# Circular Motion Basics

• Circular motion refers to the movement of an object along the circumference of a circle or rotation along a circular path.

• It can be uniform, with a constant angular rate, or non-uniform, with a changing rate of rotation.

• The rotating object maintains a constant distance from a central point, often termed the centre of rotation.

• Circular movement is a result of a centripetal force, directing toward the centre and causing the object to follow a circular path.

# Centripetal Force

• Centripetal force is a force that makes a body follow a curved path—specifically in a circular path.

• Its direction is always orthogonal to the motion of the body and towards the fixed point of the instantaneous centre of curvature of the path.

• Centripetal force is calculated using the formula: F = mv^2/r, where:

• m = mass of the object,
• v = velocity of the object,
• r = radius of the circular path.

# Centrifugal Force

• In some cases, you may come across the concept of centrifugal force.

• Centrifugal force is often considered a “fictitious” force.
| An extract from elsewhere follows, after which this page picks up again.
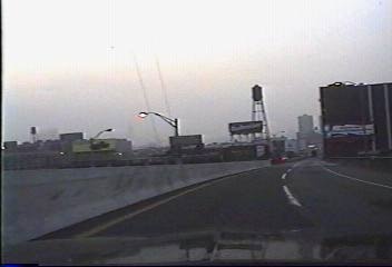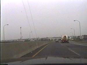 | This is the New Jersey Turnpike Newark Bay Extention, I-78 west, east of exit 14A(Bayonne) in Jersey City. Filmed July 3, 1999. |

It does not come into play when analysing an object’s motion from an inertial reference frame.

• However, it’s sometimes useful when analysing motion from a rotating perspective (a non-inertial reference frame).

• You may think of it as an “outward force” that balances the centripetal force in a rotating system.

# Angular Velocity and Acceleration

• Angular velocity is the rate of change of an angle with respect to time. It is represented as ω and given by the formula: ω = Δθ/Δt.

• Angular acceleration is the rate of change of angular velocity with respect to time. It is represented as α and is given by the formula: α = Δω/Δt.

# Tangential Velocity and Acceleration

• Tangential velocity is the linear speed of any object moving along the circular path. It is perpendicular to the radius of the path.

• Tangential acceleration is the rate of change of the tangential velocity. It points along the curve in the direction of the velocity vector.

# Some Practical Circular Motion Scenarios

• In reality, many motions are circular, such as the rotation of planets around stars, electrons around nuclei, and cars rounding bends.

• It’s crucial to understand that circular motion, whether uniform or non-uniform, involves acceleration. Even if the speed stays constant, the object is accelerating because its direction of motion is constantly changing.